Bug #1672033 reported by Igor on 2017-03-11
12
This bug affects 2 people
Affects Status Importance Assigned to Milestone
NVIDIA Drivers Ubuntu
Undecided
Unassigned
mutter (Ubuntu)
Undecided
Unassigned
xorg (Ubuntu)
Undecided
Unassigned

Bug Description

There are two bug reports in LP: #1559576, LP: #1632322 and also LP: #1666664, where GDM does not start on proprietary nvidia drivers.

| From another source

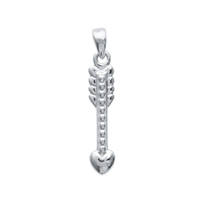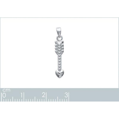 Pendentif Flèche pointe Coeur argent massif 925 rhodié 16mm x 3mm
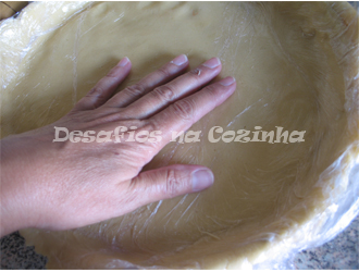 Se a massa for tendida em cima de película aderente, o processo torna-se mais fácil e não é necessário acrescentar farinha em excesso para a massa não pegar;

As it turned out, the reason for that was Xorg starting in rootless mode and apparently not initializing everything properly, which was causing gnome-shell/libmutter to crash.

Installing xserver-xorg-legacy did partially fix those issues.

Enabling modesetting for nvidia driver however still causes the problem.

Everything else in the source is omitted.